### Exercise description
Can you print the data exactly and leave out each image?

### Dataset section
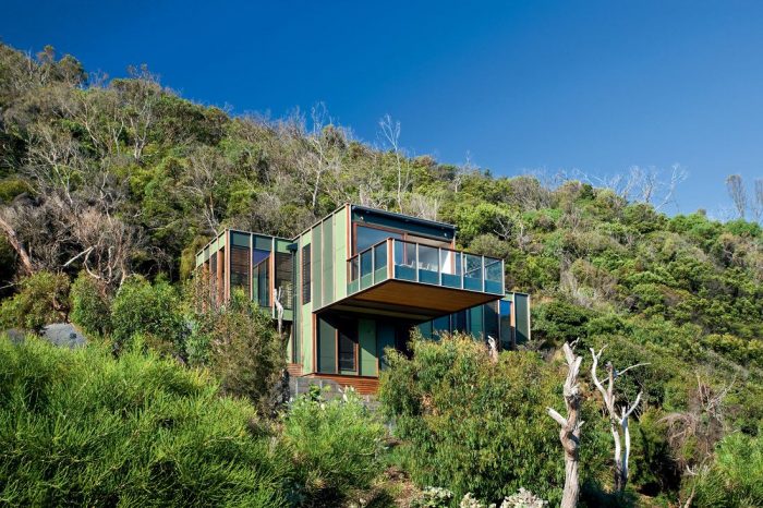 The Treehouse is an innovative two-story residence on a steep hillside at Separation Creek in Victoria, Australia. Space measures 2,368 square foot with the architects having sought the sculptural effect of a tree with branches. And indeed, the rooms cantilever in all directions of a central structural torso to really create this effect and offer entertaining and functional living. The color scheme is adjusted to the general concept of a habitat dissolving in the surrounding nature. The steepness of the site is what creates the engineering problem here, which is actually solved by a footprint’s minimization.
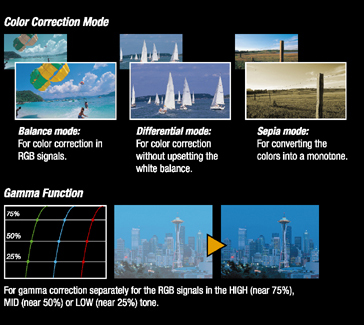 Three color correction functions (balance, differential and sepia)
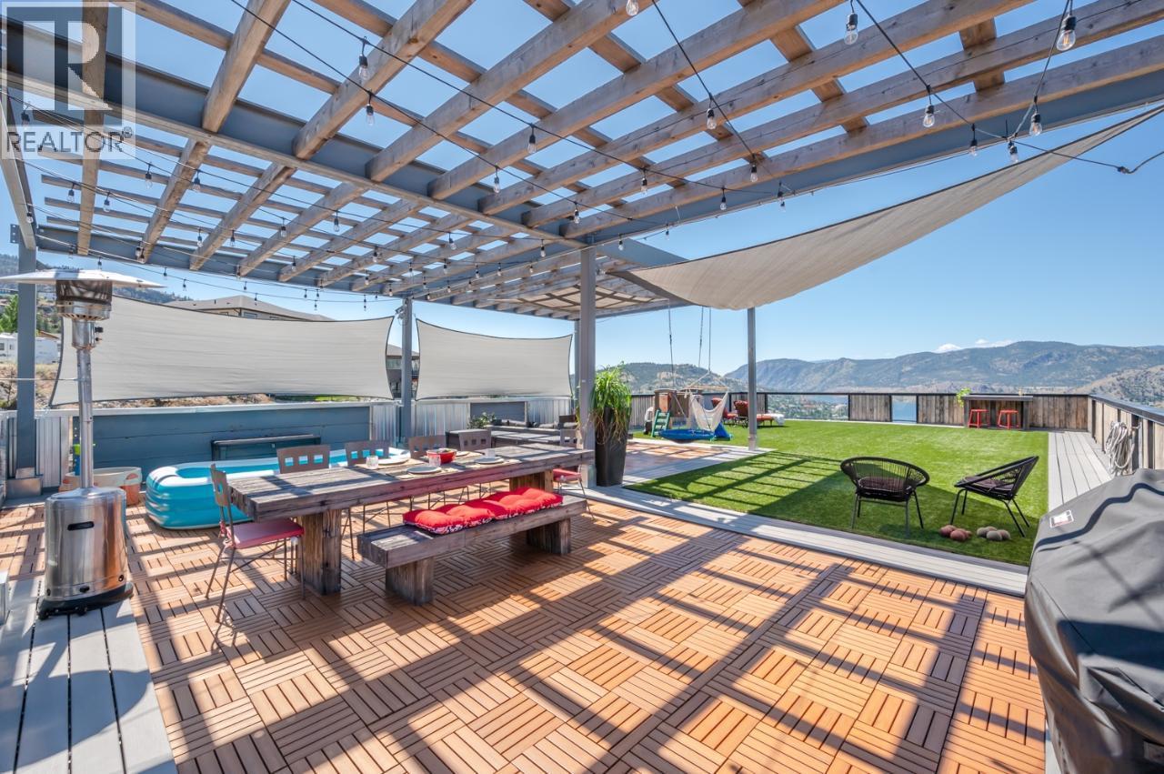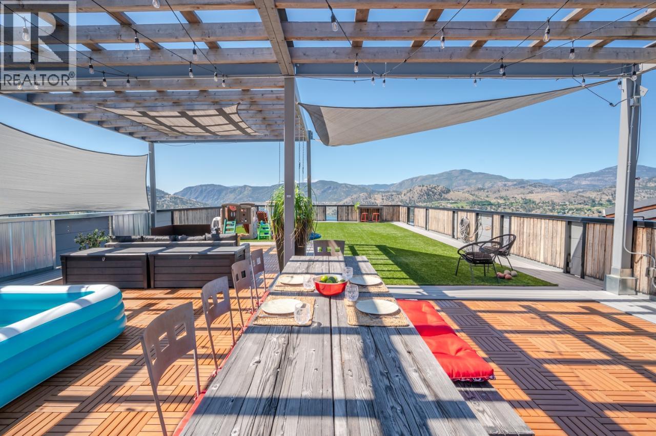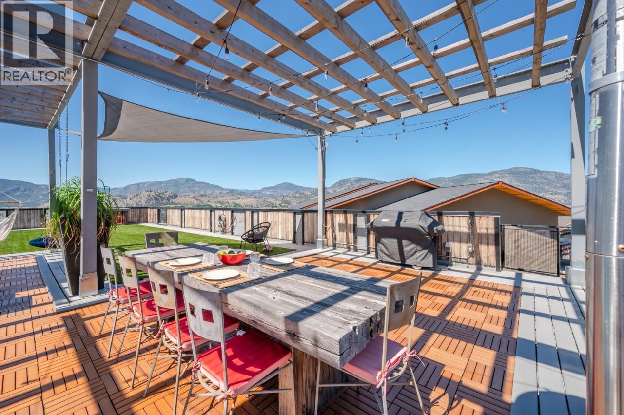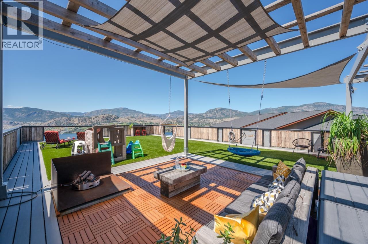 VINTAGE INDUSTRIAL WAREHOUSE. Welcome to THE house on the hill! This Farout design-built home is truly a one of a kind rancher situated 10 minutes south of Penticton. This home is defined by its 1950's recycled, steel skeleton and its exposed mechanical and electrical services. If you are searching for a home that captivates creativity, look no further. The open concept kitchen-dining-living is grounded by the brick wall and fireplace, a perfect space for entertaining friends and family. The home has 4 bedrooms, 2 en-suites and a main bathroom. We love how the mezzanines in the bedrooms utilize the 14' ceiling, great for play or extra storage. Looking for more room? Head up to the 2400sqft rooftop patio and enjoy morning sunrises to evening sunsets, with epic views of Skaha Lake. Situated in a quiet, safe and family friendly neighborhood, you will not find better friends than your neighbors. Bonus, have you ever seen a rock climbing wall in a garage? Disclosure: Seller is a licensed realtor. (id:47466)

### Worked solution
 The Treehouse is an innovative two-story residence on a steep hillside at Separation Creek in Victoria, Australia. Space measures 2,368 square foot with the architects having sought the sculptural effect of a tree with branches. And indeed, the rooms cantilever in all directions of a central structural torso to really create this effect and offer entertaining and functional living. The color scheme is adjusted to the general concept of a habitat dissolving in the surrounding nature. The steepness of the site is what creates the engineering problem here, which is actually solved by a footprint’s minimization.
 Three color correction functions (balance, differential and sepia)
 VINTAGE INDUSTRIAL WAREHOUSE. Welcome to THE house on the hill! This Farout design-built home is truly a one of a kind rancher situated 10 minutes south of Penticton. This home is defined by its 1950's recycled, steel skeleton and its exposed mechanical and electrical services. If you are searching for a home that captivates creativity, look no further. The open concept kitchen-dining-living is grounded by the brick wall and fireplace, a perfect space for entertaining friends and family. The home has 4 bedrooms, 2 en-suites and a main bathroom. We love how the mezzanines in the bedrooms utilize the 14' ceiling, great for play or extra storage. Looking for more room? Head up to the 2400sqft rooftop patio and enjoy morning sunrises to evening sunsets, with epic views of Skaha Lake. Situated in a quiet, safe and family friendly neighborhood, you will not find better friends than your neighbors. Bonus, have you ever seen a rock climbing wall in a garage? Disclosure: Seller is a licensed realtor. (id:47466)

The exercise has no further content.